To do:
Repeat only what runs from the line with "Ventaglio portatile realizzato" through the last line of the data below, both included, keeping every word as it is and leaving out the pictures.

Data:

BEGIN

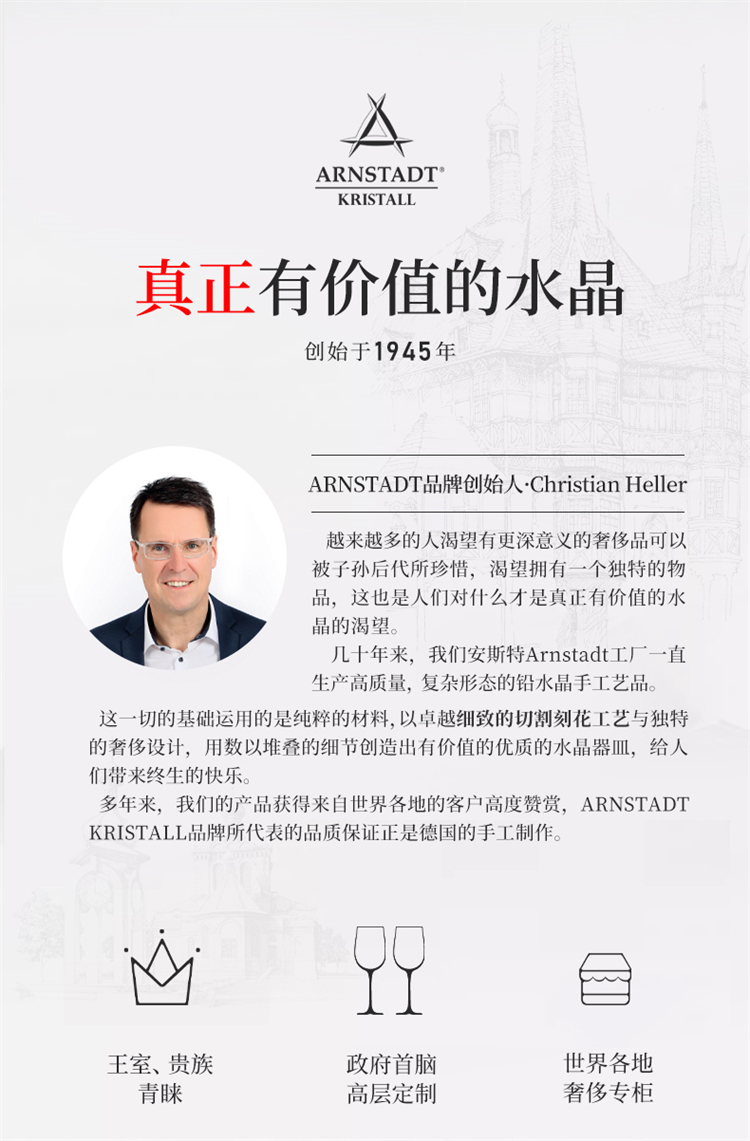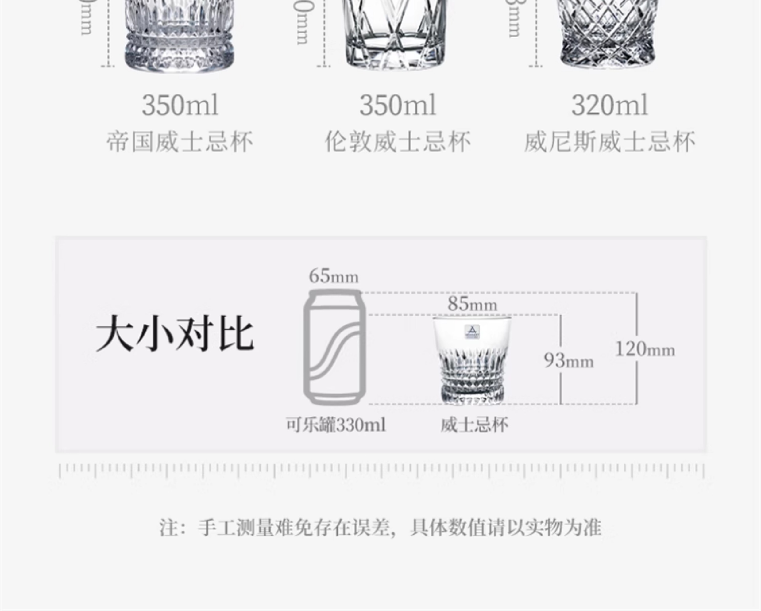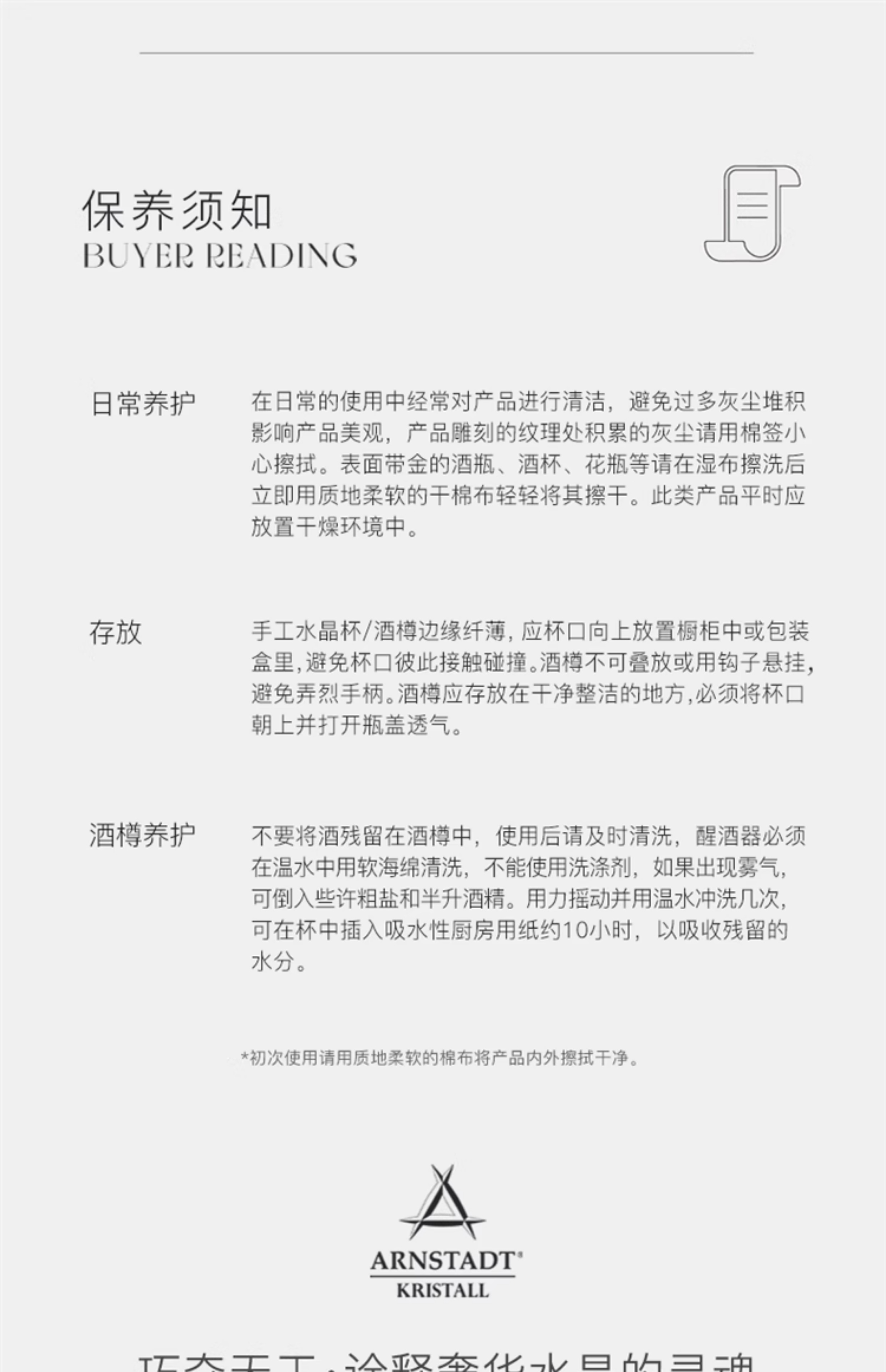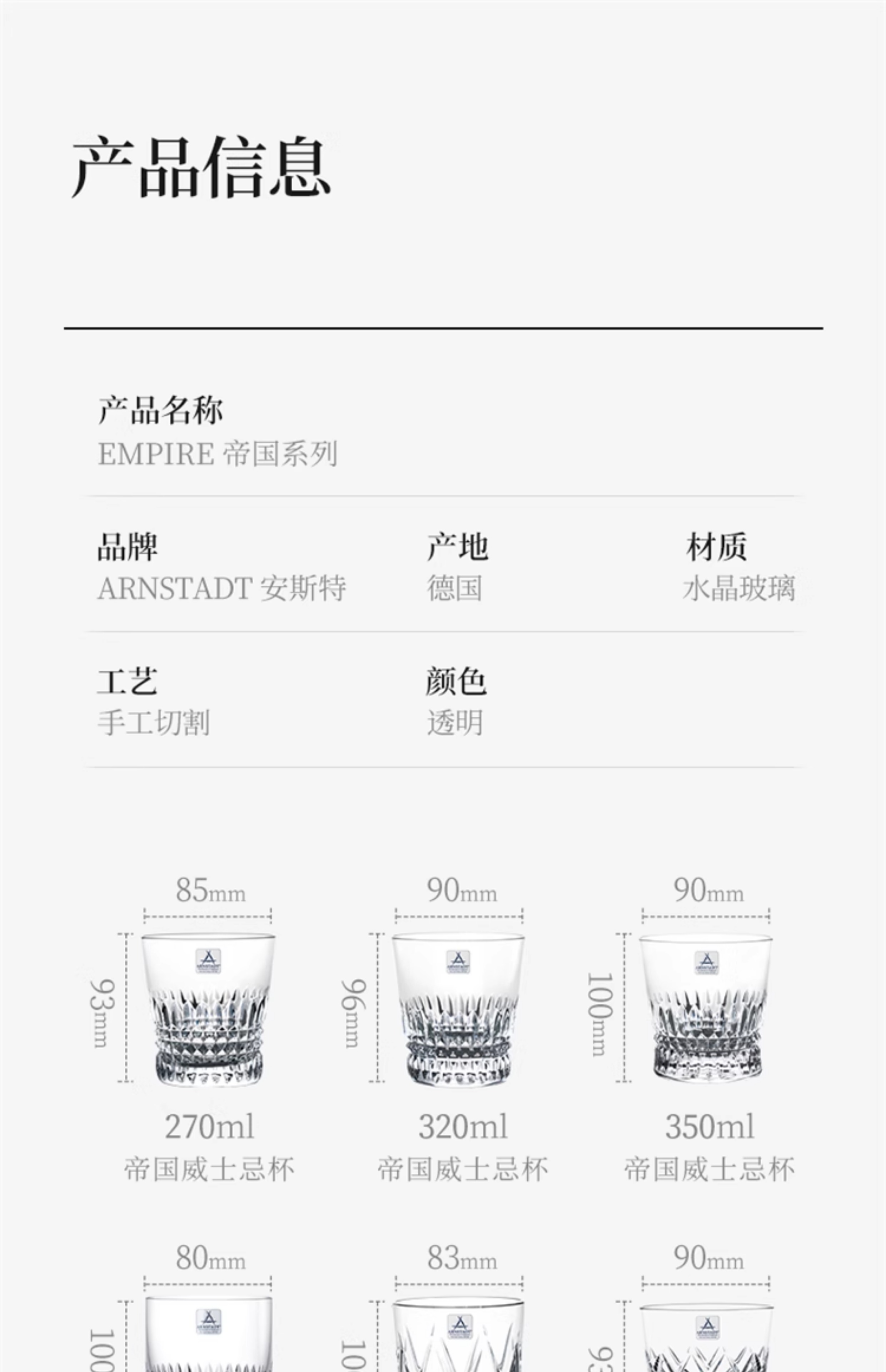 德国水晶杯进口洋酒杯ARNSTADT手工切子高级感礼盒精致威士忌酒杯安斯特帝国威士忌杯350ml古典酒樽750ml
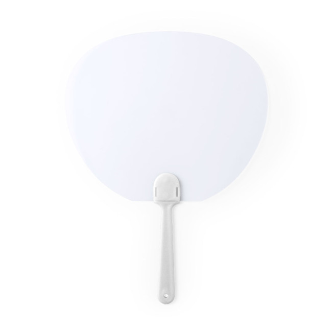 Ventaglio portatile realizzato in rPET, dotato di manico in legno naturale, pensato per offrire...
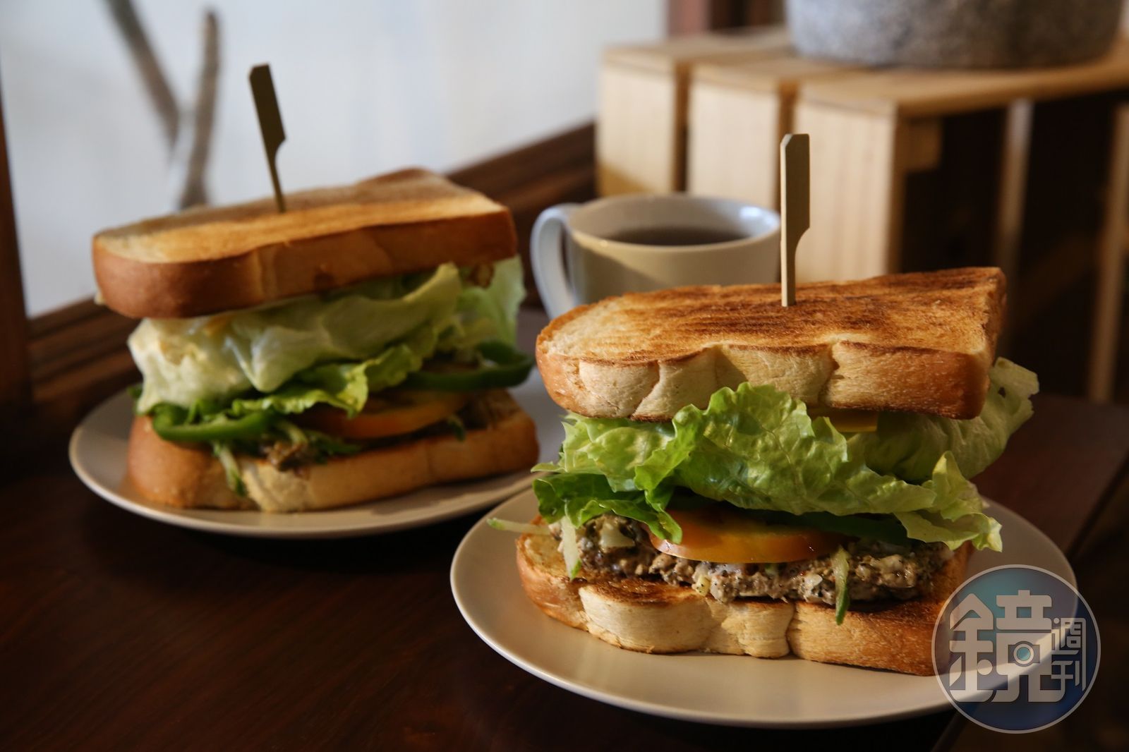 有趣的是,這兒的餐點重點在於高度,菜與肉、蛋層層堆疊,視覺感豐富。一款「皮蛋肉鬆起士蛋三明治」將皮蛋打碎成泥後搭配肉鬆,一口咬下可以嘗到麵包的鬆軟香氣,配上濃稠的皮蛋醬汁,獨特卻恰到好處。「秘製鮪魚起士蛋三明治」裡頭以芥末子醬和酸黃瓜增加口感,配上爽口的蔬菜,也非常迷人。

END

Solution for this exercise:
 Ventaglio portatile realizzato in rPET, dotato di manico in legno naturale, pensato per offrire...
 有趣的是,這兒的餐點重點在於高度,菜與肉、蛋層層堆疊,視覺感豐富。一款「皮蛋肉鬆起士蛋三明治」將皮蛋打碎成泥後搭配肉鬆,一口咬下可以嘗到麵包的鬆軟香氣,配上濃稠的皮蛋醬汁,獨特卻恰到好處。「秘製鮪魚起士蛋三明治」裡頭以芥末子醬和酸黃瓜增加口感,配上爽口的蔬菜,也非常迷人。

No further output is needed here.